Background Preexisting indexes for predicting the prognosis of chronic obstructive pulmonary disease (COPD) do not use radiologic information and are impractical because they involve complex history assessments or exercise tests. Purpose To develop and to validate a deep learning-based survival prediction model in patients with COPD (DLSP) using chest radiographs, in addition to other clinical factors. Materials and Methods In this retrospective study, data from patients with COPD who underwent postbronchodilator spirometry and chest radiography from 2011-2015 were collected and split into training ( = 3475), validation ( = 435), and internal test ( = 315) data sets. The algorithm for predicting survival from chest radiographs was trained (hereafter, DLSP), and then age, body mass index, and forced expiratory volume in 1 second (FEV) were integrated within the model (hereafter, DLSP). For external test, three independent cohorts were collected ( = 394, 416, and 337). The discrimination performance of DLSP was evaluated by using time-dependent area under the receiver operating characteristic curves (TD AUCs) at 5-year survival. Goodness of fit was assessed by using the Hosmer-Lemeshow test. Using one external test data set, DLSP was compared with four COPD-specific clinical indexes: BODE, ADO, COPD Assessment Test (CAT), and St George's Respiratory Questionnaire (SGRQ). Results DLSP had a higher performance at predicting 5-year survival than FEV in two of the three external test cohorts (TD AUC: 0.73 vs 0.63 [ = .004]; 0.67 vs 0.60 [ = .01]; 0.76 vs 0.77 [ = .91]). DLSP demonstrated good calibration in all cohorts. The DLSP model showed no differences in TD AUC compared with BODE (0.87 vs 0.80; = .34), ADO (0.86 vs 0.89; = .51), and SGRQ (0.86 vs 0.70; = .09), and showed higher TD AUC than CAT (0.93 vs 0.55; < .001). Conclusion A deep learning model using chest radiographs was capable of predicting survival in patients with chronic obstructive pulmonary disease. © RSNA, 2022
背景 预测慢性阻塞性肺疾病(COPD)预后的现有指标不使用放射学信息,而且不切实际,因为它们涉及复杂的病史评估或运动测试。

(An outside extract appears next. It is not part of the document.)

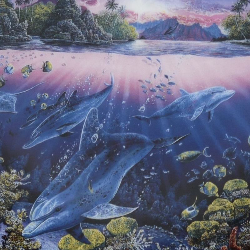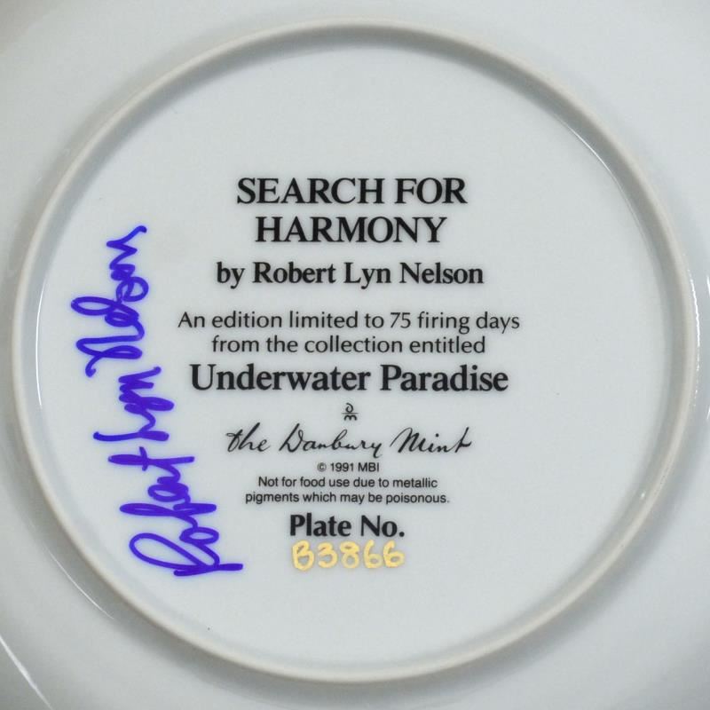"Search for Harmony" is a porcelain collectors plate from the Underwater Paradise edition, hand signed and numbered inverso by the artist Robert Lyn Nelson. These limited edition plates were issued by The Danbury Mint in 1991 and each has matching serial numbers on the reverse and are trimmed with 23ct gold. This plate is for decorative use only. Includes Certificate of Authenticity. Measures approx. 8" (diameter).

目的 利用胸部 X 线片和其他临床因素,开发并验证一种用于 COPD 患者的基于深度学习的生存预测模型(DLSP)。
材料与方法 在这项回顾性研究中,收集了 2011 年至 2015 年间接受支气管扩张剂后肺量测定和胸部 X 线检查的 COPD 患者的数据,并将其分为训练集(=3475)、验证集(=435)和内部测试集(=315)。训练用于预测生存的基于放射照片的算法(以下简称 DLSP),然后在模型中整合年龄、体重指数和 1 秒用力呼气量(FEV)(以下简称 DLSP)。为了外部测试,收集了三个独立的队列(=394、416 和 337)。通过使用 5 年生存时间依赖性接收器工作特征曲线下面积(TD AUC)评估 DLSP 的鉴别性能。通过 Hosmer-Lemeshow 检验评估拟合优度。使用一个外部测试数据集,将 DLSP 与四种 COPD 特异性临床指标进行比较:BODE、ADO、COPD 评估测试(CAT)和圣乔治呼吸问卷(SGRQ)。
结果 在两个外部测试队列中的三个队列中,DLSP 在预测 5 年生存率方面的表现均优于 FEV(TD AUC:0.73 比 0.63 [=0.004];0.67 比 0.60 [=0.01];0.76 比 0.77 [=0.91])。DLSP 在所有队列中均具有良好的校准度。DLSP 模型与 BODE(0.87 比 0.80;=0.34)、ADO(0.86 比 0.89;=0.51)和 SGRQ(0.86 比 0.70;=0.09)相比,TD AUC 没有差异,与 CAT(0.93 比 0.55;<0.001)相比,TD AUC 更高。
结论 使用胸部 X 射线的深度学习模型能够预测慢性阻塞性肺疾病患者的生存率。